[The task]:
An exact copy of each line below is needed, with no images in it.

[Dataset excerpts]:
★ ★ ★
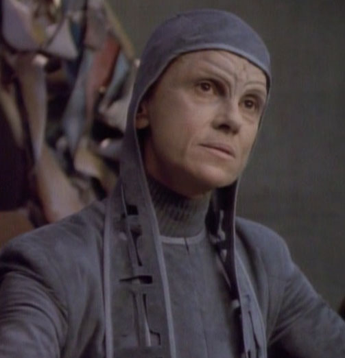 Megan Cole (born September 1941; age 84) is an actress who played Noor in the Star Trek: The Next Generation fifth season episode "The Outcast" and Senator Kimara Cretak in the Star Trek: Deep Space Nine seventh season episodes "Image in the Sand" and "Shadows and Symbols". She filmed her scenes for "The Outcast" on Monday 13 January 1992 on Paramount Stage 16. Her costume from this episode was sold off on the It's A Wrap! sale and auction on eBay. [1](X)
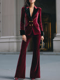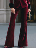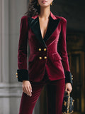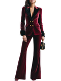 Het Lirenne Pak straalt tijdloze klasse uit met een moderne verfijning. Gemaakt van rijk bordeauxrood fluweel, combineert het double-breasted jasje met opvallende gouden knopen en contrasterende zwarte revers en manchetten, perfect met de hoog getailleerde uitlopende broek die de benen verlengt.
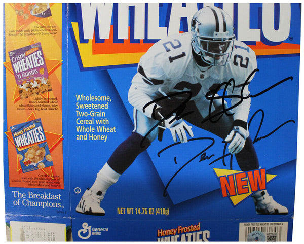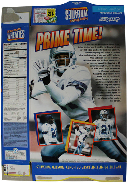 Deion Sanders Autographed Honey Frosted Wheaties Box Flattened BAS 34581 The number in the listing title is just an inventory sku for our records and is not the authentication number. The item pictured is a stock photo unless otherwise noted. This is a Wheaties Honey Frosted cerreal box which has been opened and flattened that was personally autographed by Deion Sanders. Includes a certificate of authenticity from Beckett Authentication Services (BAS) and Denver Autographs.
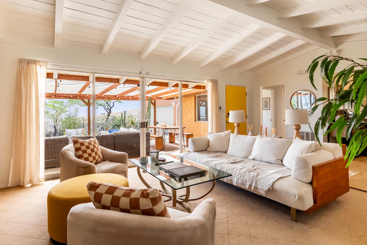 Ang Mockingbird Cabin ay isang kanlungan ng mahilig sa kalikasan na nakatayo sa gilid ng burol sa 2.5 pribadong ektarya. Ang ganap na na - renovate, puno ng liwanag, midcentury na hiyas na ito ay may mataas na vaulted ceilings, isang filter na sistema ng tubig, kusina ng chef, natitiklop na mga pinto ng salamin na bukas sa isang birdwatching + yoga patio at isang hot tub para sa stargazing. Matatagpuan malapit lang sa Big Morongo Canyon Preserve, nag - aalok ang mapangaraping hideaway na ito ng front row seat sa 200+ species ng mga lumilipat na ibon at mga kuneho, squirrel at butterflies.
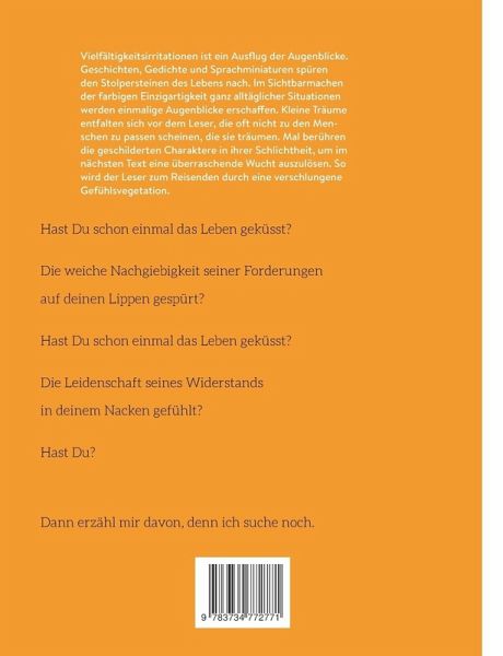 Vielfältigkeitsirritationen ist ein Ausflug der Augenblicke. Geschichten, Gedichte und Skizzen spüren den Stolpersteinen des Lebens nach. Im Sichtbarmachen der farbigen Einzigartigkeit ganz alltäglicher Situationen werden einmalige Augenblicke erschaffen. Kleine Träume entfalten sich vor dem Leser. Mal berühren die geschilderten Charaktere in ihrer Schlichtheit, um im nächsten Text eine überraschende Wucht auszulösen. So wird der Leser zum Reisenden durch eine verschlungene Gefühlsvegetation.
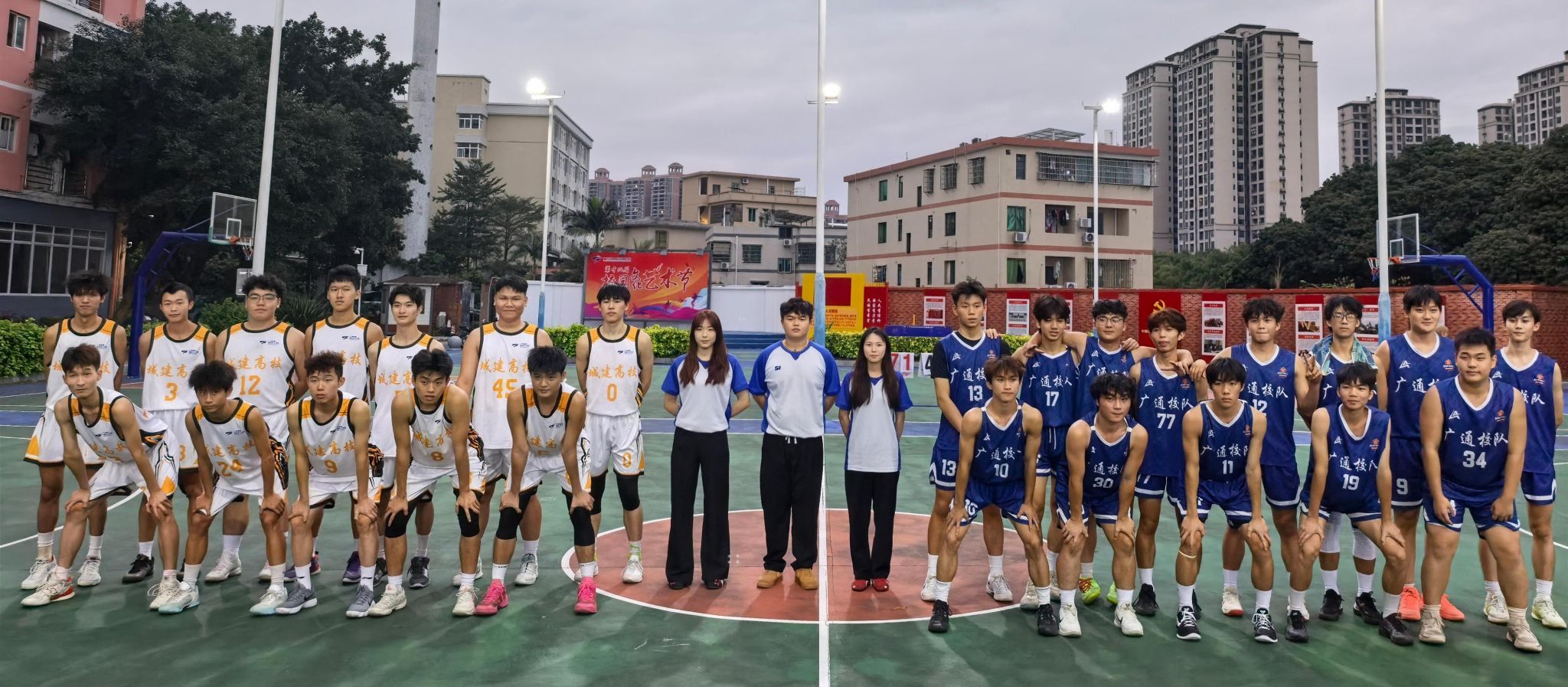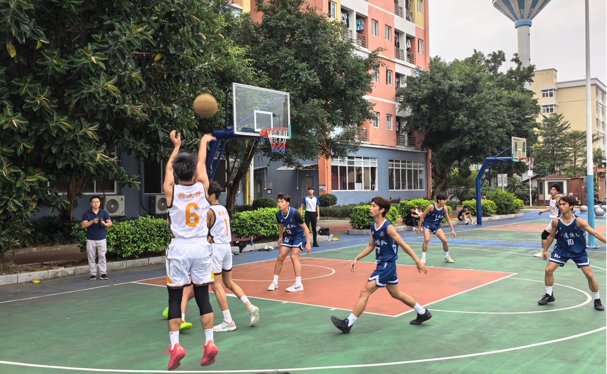 研讨结束后,两校男子篮球队在一区篮球场展开了实战交流。“友谊第一,比赛第二”,赛前,双方教练沟通规则、指导热身;赛中,队员们全力以赴,传球、突破、投篮、防守,每一个动作都展现出扎实的技术功底与团队协作意识。我校队员默契配合、攻防有序,广州通用职业技术学校队员敢打敢拼、活力十足,赛场边掌声与呐喊声此起彼伏。
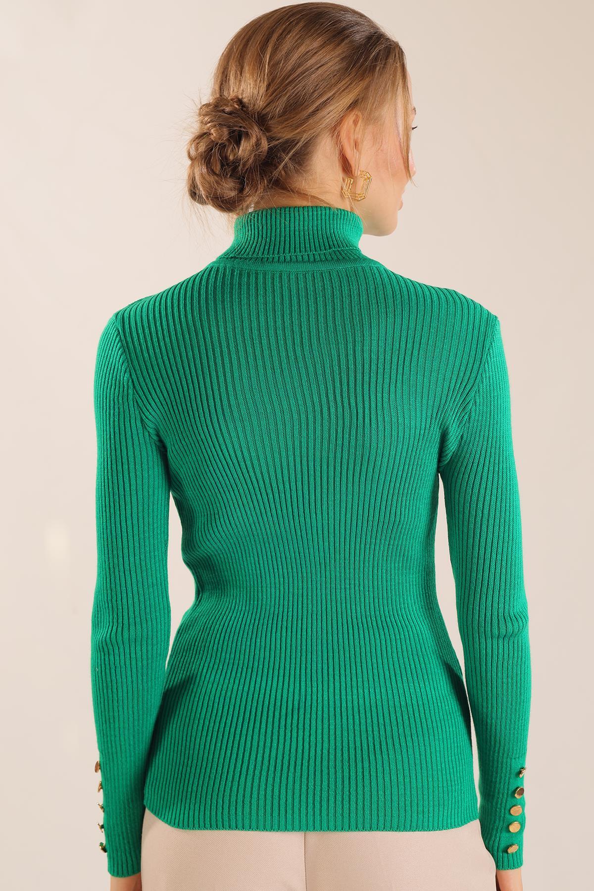 Benetton Yeşili Kol Düğme Detay Fitilli Kazak 006
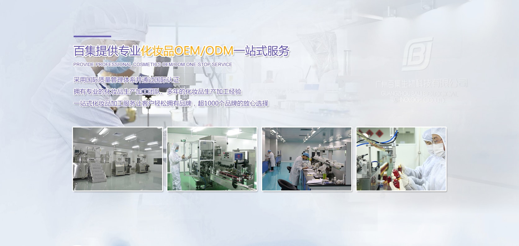 百集生物擁有16位專業(yè)工程師,79多位研發(fā)人員,6000多款成熟配方 百集生物研發(fā)中心占地3000多平方米,擁有成熟的研發(fā)團隊及完善的研發(fā)設(shè)施,使用納米技術(shù)、滲透壓技術(shù)、 液晶微乳化技術(shù)等,已經(jīng)擁有一系列穩(wěn)定性高、滲透性強、吸收性好、效果顯著的成熟配方。
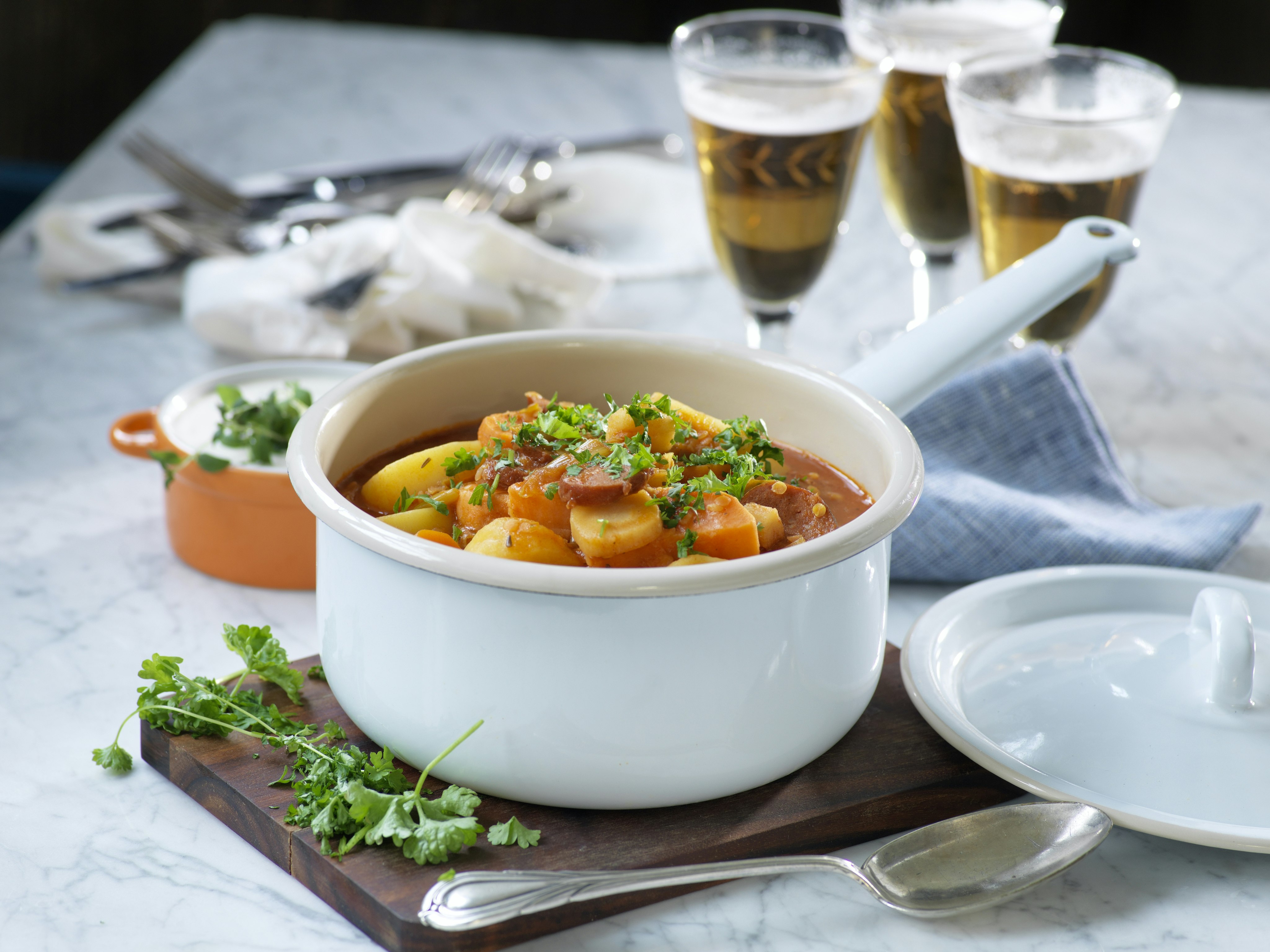 Marockansk rotfruktsgryta med linser och chorizo
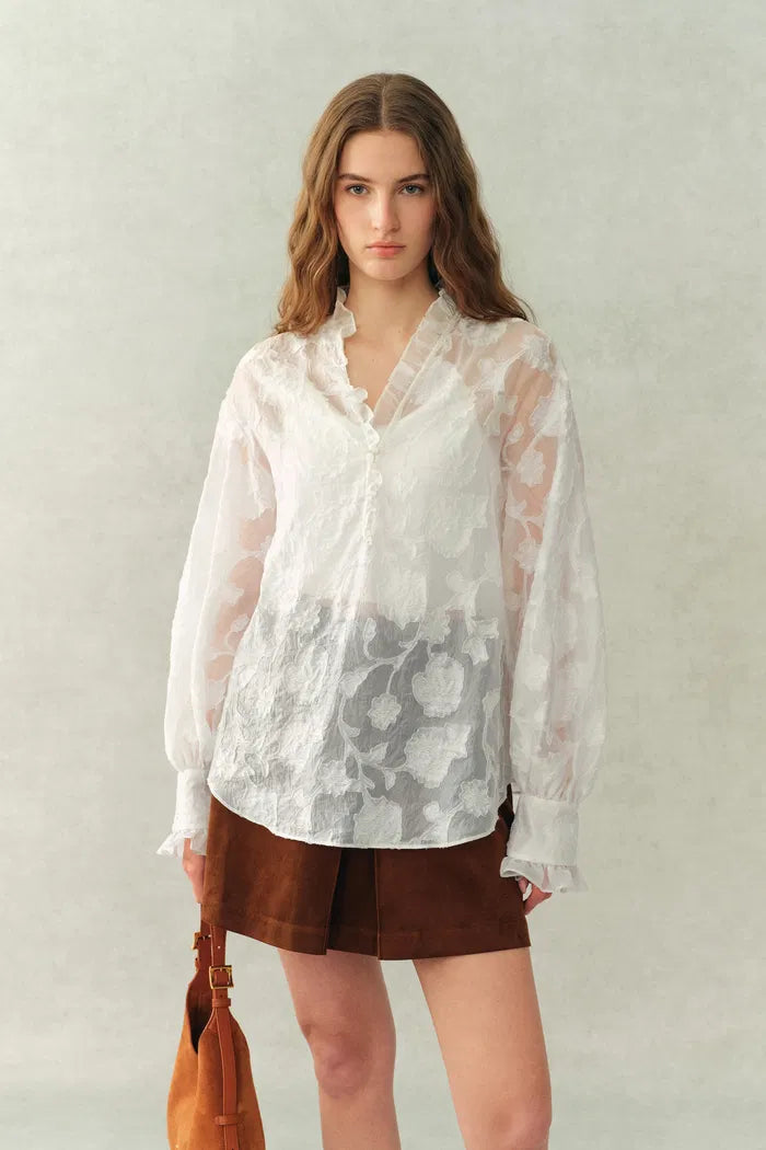 Blusa Cecilia con volantes y cuello en V en chiffon burnout
★ ★ ★
[Finished task]:
 Megan Cole (born September 1941; age 84) is an actress who played Noor in the Star Trek: The Next Generation fifth season episode "The Outcast" and Senator Kimara Cretak in the Star Trek: Deep Space Nine seventh season episodes "Image in the Sand" and "Shadows and Symbols". She filmed her scenes for "The Outcast" on Monday 13 January 1992 on Paramount Stage 16. Her costume from this episode was sold off on the It's A Wrap! sale and auction on eBay. [1](X)
 Het Lirenne Pak straalt tijdloze klasse uit met een moderne verfijning. Gemaakt van rijk bordeauxrood fluweel, combineert het double-breasted jasje met opvallende gouden knopen en contrasterende zwarte revers en manchetten, perfect met de hoog getailleerde uitlopende broek die de benen verlengt.
 Deion Sanders Autographed Honey Frosted Wheaties Box Flattened BAS 34581 The number in the listing title is just an inventory sku for our records and is not the authentication number. The item pictured is a stock photo unless otherwise noted. This is a Wheaties Honey Frosted cerreal box which has been opened and flattened that was personally autographed by Deion Sanders. Includes a certificate of authenticity from Beckett Authentication Services (BAS) and Denver Autographs.
 Ang Mockingbird Cabin ay isang kanlungan ng mahilig sa kalikasan na nakatayo sa gilid ng burol sa 2.5 pribadong ektarya. Ang ganap na na - renovate, puno ng liwanag, midcentury na hiyas na ito ay may mataas na vaulted ceilings, isang filter na sistema ng tubig, kusina ng chef, natitiklop na mga pinto ng salamin na bukas sa isang birdwatching + yoga patio at isang hot tub para sa stargazing. Matatagpuan malapit lang sa Big Morongo Canyon Preserve, nag - aalok ang mapangaraping hideaway na ito ng front row seat sa 200+ species ng mga lumilipat na ibon at mga kuneho, squirrel at butterflies.
 Vielfältigkeitsirritationen ist ein Ausflug der Augenblicke. Geschichten, Gedichte und Skizzen spüren den Stolpersteinen des Lebens nach. Im Sichtbarmachen der farbigen Einzigartigkeit ganz alltäglicher Situationen werden einmalige Augenblicke erschaffen. Kleine Träume entfalten sich vor dem Leser. Mal berühren die geschilderten Charaktere in ihrer Schlichtheit, um im nächsten Text eine überraschende Wucht auszulösen. So wird der Leser zum Reisenden durch eine verschlungene Gefühlsvegetation.
 研讨结束后,两校男子篮球队在一区篮球场展开了实战交流。“友谊第一,比赛第二”,赛前,双方教练沟通规则、指导热身;赛中,队员们全力以赴,传球、突破、投篮、防守,每一个动作都展现出扎实的技术功底与团队协作意识。我校队员默契配合、攻防有序,广州通用职业技术学校队员敢打敢拼、活力十足,赛场边掌声与呐喊声此起彼伏。
 Benetton Yeşili Kol Düğme Detay Fitilli Kazak 006
 百集生物擁有16位專業(yè)工程師,79多位研發(fā)人員,6000多款成熟配方 百集生物研發(fā)中心占地3000多平方米,擁有成熟的研發(fā)團隊及完善的研發(fā)設(shè)施,使用納米技術(shù)、滲透壓技術(shù)、 液晶微乳化技術(shù)等,已經(jīng)擁有一系列穩(wěn)定性高、滲透性強、吸收性好、效果顯著的成熟配方。
 Marockansk rotfruktsgryta med linser och chorizo
 Blusa Cecilia con volantes y cuello en V en chiffon burnout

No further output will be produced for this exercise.